Huxley -- Heaven and Hell
Ibsen -- Peer Gynt / Doors of Perception
Capote -- Answered Prayers: The Unfinished Novel
Isherwood and Upward -- Mortmare Stories

remy bean, Friday, 25 April 2008 01:01 (seventeen years ago)

Is that one of his early New Deal books?

-- James Redd and the Blecchs, Friday, April 25, 2008 12:50 AM (12 minutes ago) Bookmark Link

I don't know what that means! lol

BIG HOOS aka the steendriver, Friday, 25 April 2008 01:04 (seventeen years ago)

on deck

Capote -- Answered Prayers: The Unfinished Novel

-- remy bean, Friday, April 25, 2008 1:01 AM (2 minutes ago) Bookmark Link

let me know how this is!

BIG HOOS aka the steendriver, Friday, 25 April 2008 01:04 (seventeen years ago)

Jim Thompson, like Chester Himes, started out writing Social Realism-type fiction before finding his voice while trying to make a living writing crime fiction.

James Redd and the Blecchs, Friday, 25 April 2008 01:09 (seventeen years ago)

Answered Prayers is, on the whole, awful. Unfortunately.

James Morrison, Friday, 25 April 2008 04:09 (seventeen years ago)

also in the middle of bolano's "savage detectives" which is brilliant, though could have used a little editing imo.

-- Zeno, Friday, April 11, 2008 1:50 PM (1 week ago) Bookmark Link

finished this today, fucking incredible book. one of the best ive read in years

about to start murakami's 'after dark'

deej, Friday, 25 April 2008 04:20 (seventeen years ago)

"kill all your darlings" - luc santé
"old goriot" - balzac
"the red brain" - donald wandrei

Tracer Hand, Friday, 25 April 2008 11:51 (seventeen years ago)

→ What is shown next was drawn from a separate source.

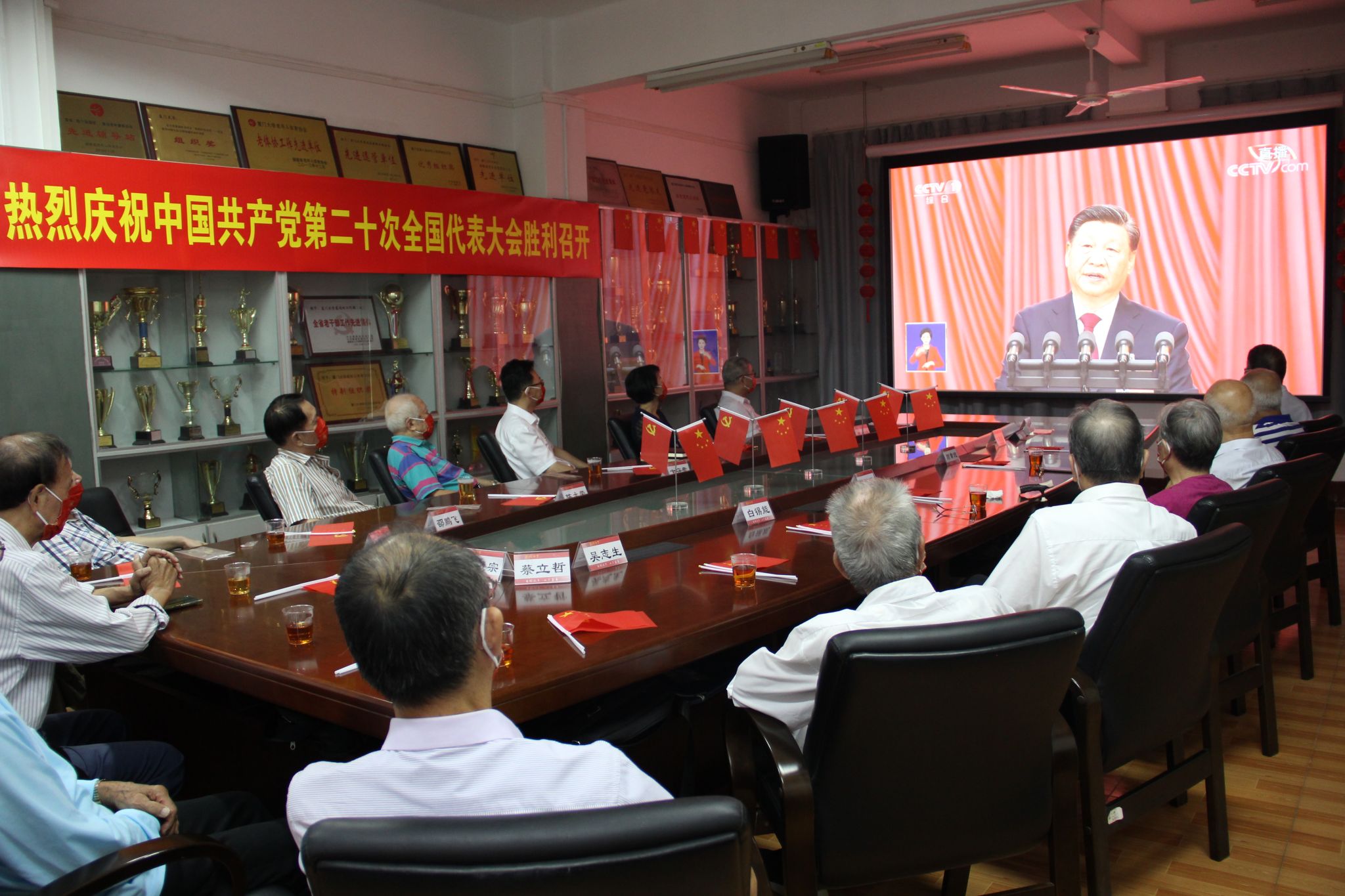 学校在思明校区南光8号楼208会议室设立离退休分会场。校党委常委、组织部部长孙理同志与离休干部、涉老组织骨干、各学院老党员代表等20多名老同志集中收看直播。各位老党员们聚精会神聆听习近平总书记的报告,边听边记,不时点头赞叹,对报告内容报以热烈掌声,激动与自豪之情溢于言表。会后,老同志们纷纷表示,要认真学习、深刻领会报告精神,用党的最新理论成果武装头脑,继续做到听党话、跟党走。

Grifters has the bag of oranges to the stomach trick, no? I think it's the Mom what gets it.

James Redd and the Blecchs, Friday, 25 April 2008 13:09 (seventeen years ago)

The Bob Dylan bit in the Luc S book is the best thing ever.

James Redd and the Blecchs, Friday, 25 April 2008 13:10 (seventeen years ago)

The Battle for Spain- Antony Beevor

carne asada, Friday, 25 April 2008 13:30 (seventeen years ago)

I was liking [The Emperor's Children] more than I expected til the end. don't want to spoil it but a certain cataclysmic recent event in our history is deployed as deus ex machina/plot tidy-upper. maybe the first time I actually wanted to throw a book at the wall. did anyone else read it and react this way?

I didn't. Or at least I didn't have a problem with the event itself being used, which seemd kinda the point of the book? I did feel like she let some of the characters off too easy though.

Lamp, Saturday, 26 April 2008 03:07 (seventeen years ago)

Yeah Grifters is the punch that once it finally gets treated allows him to meet Carol the nurse.

Thompson's first novel ws the only 'realist' thing; but from the short life blurb on the bk he started out writing short stories for detective magazines, selling his first story at 14!

xyzzzz__, Saturday, 26 April 2008 11:17 (seventeen years ago)

xpost

i didn't see it coming which was a little dumb, cause I had mentally calculated the setting to be right around the turn of the century and there were a couple very self-conscious evocations of the pre-cataclysm. it's not like i think nobody should write about it, but yeah, the characters got off too easy as a result.

i picked up one of CM's earlier books in a store yesterday and was surprised to see she was born in 1966. i had guessed she was older, writing about the younger ppl in the book from an even greater remove.

i thought "the emperor" was loosely based on chirstopher hitchens, w/the eternal scotch beside his word processor, continually name dropping the kurds and all his freedom-fighting friends.

m coleman, Saturday, 26 April 2008 12:00 (seventeen years ago)

"Pop. 1280."

Not read it but Tavernier's film is terrific, capturing that special brand of evil Thompson committed to the page

xyzzzz__, Saturday, 26 April 2008 12:40 (seventeen years ago)

'Pop 1280' and 'The Killer Inside Me' have very similar vibes. Both nastily wonderful.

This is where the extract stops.